Here, each of the three SOAP clients are created with each pointing to one of the three locations for each of the three dealership cities.

Looking up vehicles from each SOAP server

With the three clients created, you can now call the SOAP server's vehicleLookup methods and start returning results! Continue defining the client.php file, as shown below.

Listing 14. Retrieving responses from each SOAP server
...
      'uri'      => "urn://tyler/req"));

$result_steinbach = $client_steinbach->
    __soapCall("vehicleLookup",array($make,$model,$year));

$result_pinefalls = $client_pinefalls->
    __soapCall("vehicleLookup",array($make,$model,$year));

$result_selkirk = $client_selkirk->
    __soapCall("vehicleLookup",array($make,$model,$year));
...

Notice how each response for each call to each client's __soapCall is stored. The __soapCall method accepts two parameters you're interested in. The first is the name of the method in the SOAP server you're calling and the other is the array of parameters you're passing.

Displaying results

Now that you've got results, you can display them. Finish defining the client.php file, as shown below.

Listing 15. Displaying search results to the car customer
...
$result_selkirk = $client_selkirk->
    __soapCall("vehicleLookup",array($make,$model,$year));

if($result_steinbach != '' ||
   $result_pinefalls != '' || 
   $result_selkirk != ''){
    print "<table>";
    print
 "<tr><td><b>Make</b></td>
<td><b>Model</b></td>";
    print "<td><b>Year</b></td>";
    print
 "<td><b>Price</b></td><td>
<b>Description</b></td></tr>";
    print $result_steinbach;
    print $result_pinefalls;
    print $result_selkirk;
    print "</table>";
}
?>

If one of the three dealerships (SOAP servers) returns results, display the table, with the results from each of the three dealerships as rows. Preview current results below.

Figure 6. Search results
Search results

When you finish defining the server in the next section, the output will display results, rather than just echo.


The server

Now you'll develop the SOAP server. The three SOAP servers get called by the client code, and each of them returns results, as found in their own local databases. In this section, you'll develop the server by connecting to and querying the Derby database, and returning formatted results.

Connecting to Derby

Before the database can be queried, you need to connect to it in PHP. Define a handy db_connect function in all three sever files, as shown below.

Listing 16. Connecting to the DEALER database
<?php

function db_connect($dbname='DEALER',
                    $username='dealer',
                    $password='dealer'){
    $pdo = new PDO("odbc:$dbname", $username, $password);
    return $pdo;
}

function vehicleLookup($make, $model, $year){
...

Now whenever you call this method, PHP will connect to the database and return a PHP data object. To learn more about PHP data objects and their capabilities, see Resources.

Creating the database query

Here's where you're going to modify the vehicleLookup method so you can query the database for results, rather than just sending back to the client what came in. Modify the vehicleLookup method in each of the three server files, as shown below.
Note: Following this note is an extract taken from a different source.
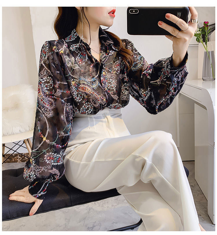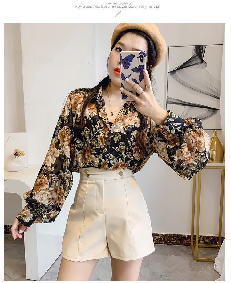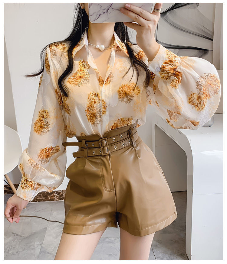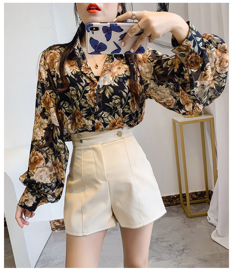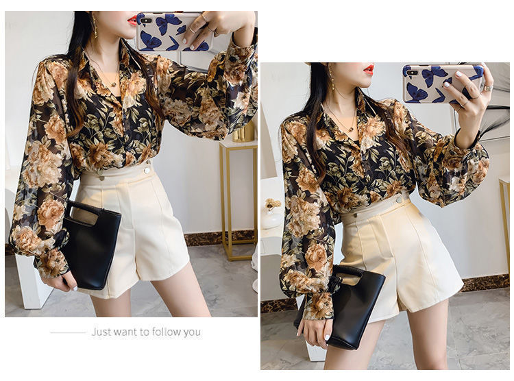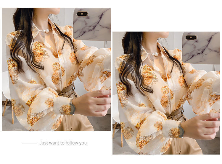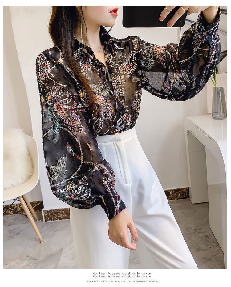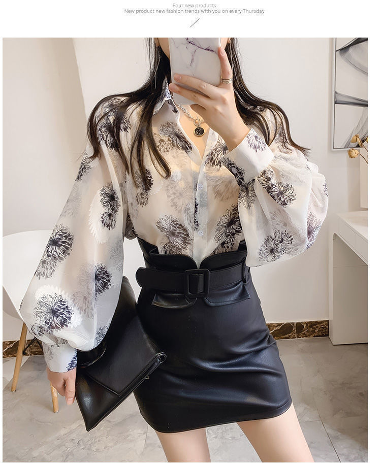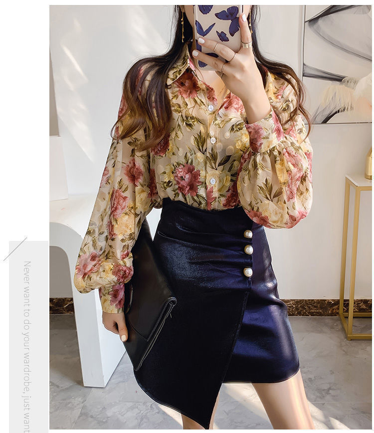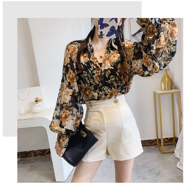 섹시한 관점 에어컨 셔츠 태양 보호 의류 여성용 2022 여름 새로운 스타일 우아한 프린트 랜턴 슬리브 쉬폰 꽃 셔츠스토어 가기

Listing 17. Creating SQL for database query
function vehicleLookup($make, $model, $year){
    $pdo = db_connect();
    $queryMake = '';
    $queryModel = '';
    $queryYear = '';
    $query = '';

    if($make != '')
        $queryMake = "make='$make'";
    $query = $queryMake;

    if($model != '')
        $queryModel = "model = '$model'";
    if($query != '' && $queryModel != '')
        $query .= " and $queryModel";
    else if($queryModel != '')
        $query = $queryModel;

    if($year != '')
        $queryYear = " yyear = '$year' ";
    if($query != '' && $queryYear != '')
        $query .= " and $queryYear";
    else if($queryYear != '')
        $query = $queryYear;

    $sql = "select * from ".TABLE." where $query";
...

First you retrieve the PHP data object from connecting to the database. Then you check each of the three parameters to see if they have contents (meaning that they are not equal to the null string). If they do, append them to the $query string, which you'll use in the where clause of the SQL statement. The code needed for $make is easy and gets slightly more complex with $model and $year. For the latter two cases, if $query and the parameter aren't empty, append them to the where clause with and as the suffix. Otherwise, if the parameter isn't empty, set it to $query, and do nothing if both $query and the parameter are empty. Finally, create the SQL statement by selecting from the table, inserting $query as the value for the where clause.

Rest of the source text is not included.